Austin anonymous

You need a special knack to catch 50-plus passes in a season. You need an extra special knack to catch 50-plus passes in a season and remain obscure.

Welcome to the world of Tennessee's Austin Rogers.

As a Vol sophomore last fall he caught 56 passes. That was two more than Kentucky's Steve Johnson, who was a third-round NFL Draft pick in April. That was four more than Florida's Andre Caldwell, another third-round pick. That was six more than Florida's Percy Harvin, regarded by some observers as the most dynamic receiver in college football.

Whereas Johnson, Caldwell and Harvin parlayed their 2007 reception totals into big-time reputations, Rogers remains almost as anonymous as he was after catching five balls during his redshirt freshman season of 2006. The 6-2, 185-pound Nashvillian is even overshadowed by fellow Vol wideouts Lucas Taylor, Josh Briscoe and Gerald Jones. That's odd when you consider Rogers' accomplishments:

He started all 14 games in 2007. He exploded against Southern Mississippi, recording seven catches for 112 yards ... ALL IN THE FIRST HALF. He led all UT receivers in big wins over Georgia (61 yards) and Arkansas (62 yards). He caught the game-tying touchdown pass in Overtime No. 2 at Kentucky, then reeled in the game-winning conversion pass in Overtime No. 4.

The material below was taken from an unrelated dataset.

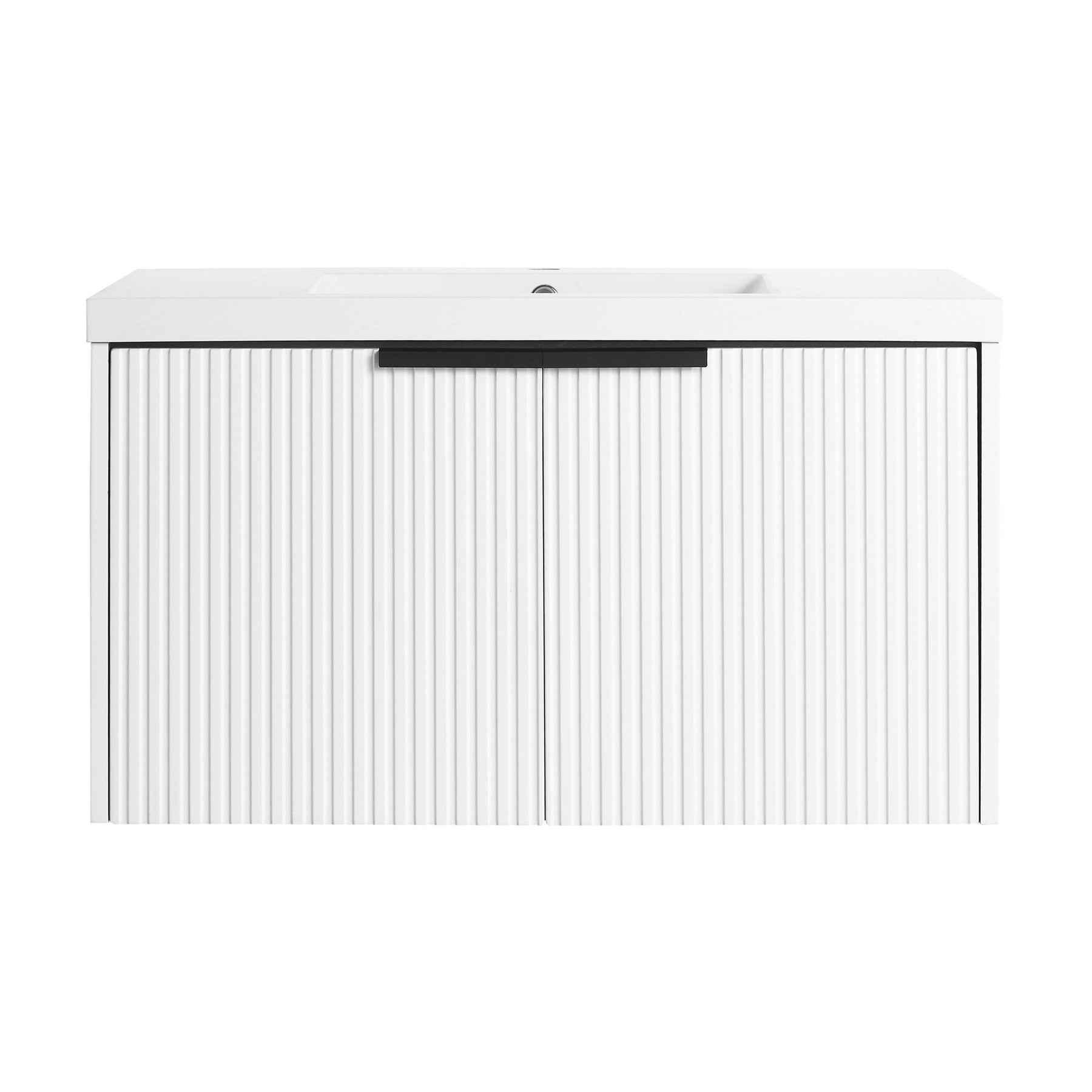 Contemporary Wall Mounted Bathroom Vanity With Resin Sink & Soft Close Doors - White

"He's a kid that doesn't complain or pout about the attention he's not getting," first-year Vol receivers coach Latrell Scott notes. "He just continues to be productive in our offense."

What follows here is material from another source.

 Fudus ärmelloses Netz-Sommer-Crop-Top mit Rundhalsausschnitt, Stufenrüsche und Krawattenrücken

While many observers seem to undervalue Rogers, his position coach is not one of them.

"Austin Rogers is very, very important to what we're trying to do in this offense," Scott says. "Austin is one of those game-tested SEC receivers that we're going to count on heavily to make plays for us this season."

Starting with tonight's game against UCLA, which kicks off at 8 o'clock Eastern in Rose Bowl Stadium.

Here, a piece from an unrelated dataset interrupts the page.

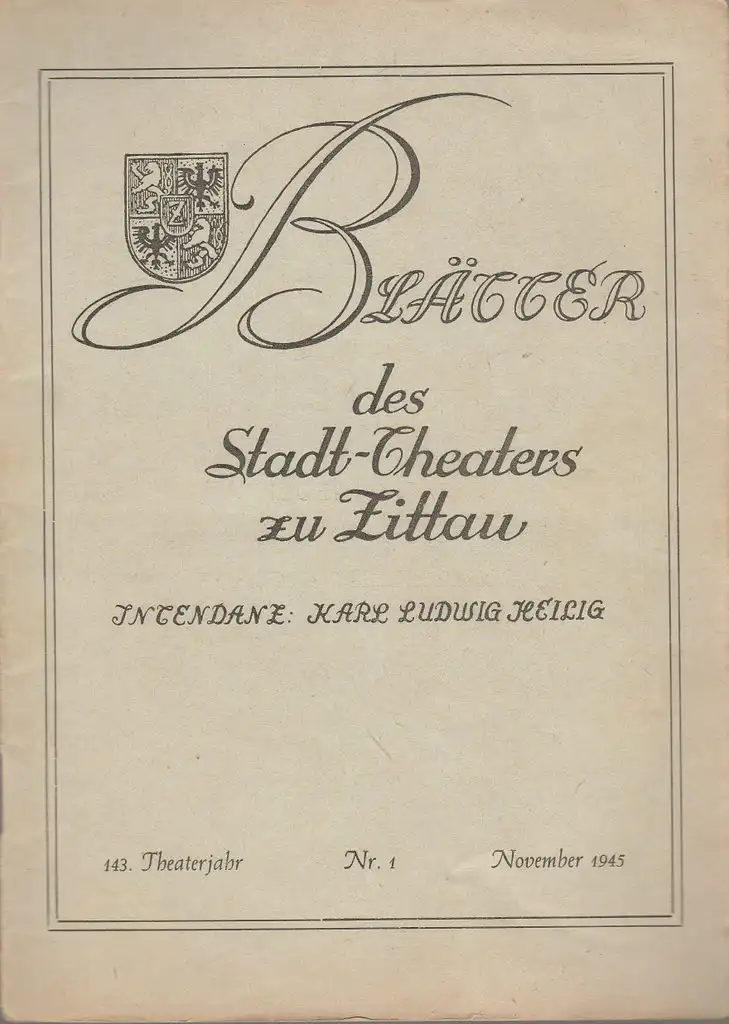Stadttheater Zittau, Intendanz: Karl Ludwig Heilig, Hans Müller: Blätter des Stadt-Theaters Zittau Nr. 1 November 1945 143. Theaterjahr.

While Rogers may not get the respect he deserves from many observers, he has the unbridled respect of his Vol coaches and teammates. They see all of the little things he does in practice to help make Tennessee a better team.

"You can't measure what Austin Rogers does by just watching him play," Scott says. "Austin Rogers comes in and helps the younger guys learn the offense. Austin knows all four positions in the offense and Austin is a joy to coach."

Rogers, Taylor, Briscoe and Jones will be counted on for clutch catches tonight against the Bruins. All four are coming off exceptional preseason camps. For that matter, so are fellow UT wideouts Quintin Hancock, Denarius Moore and Ahmad Paige.

"I think the biggest improvement of these guys is knowledge of the offense," Scott says. "This was a very well-rounded group when we got here but I think the depth has improved.

"The competition level definitely has gone up. I don't think any of these guys has missed a practice all summer. It's very tough to miss a practice when you know you've got six or seven guys battling for reps. It's been a very competitive situation."

Helping make the situation competitive – in his own obscure way, of course – is Austin Rogers.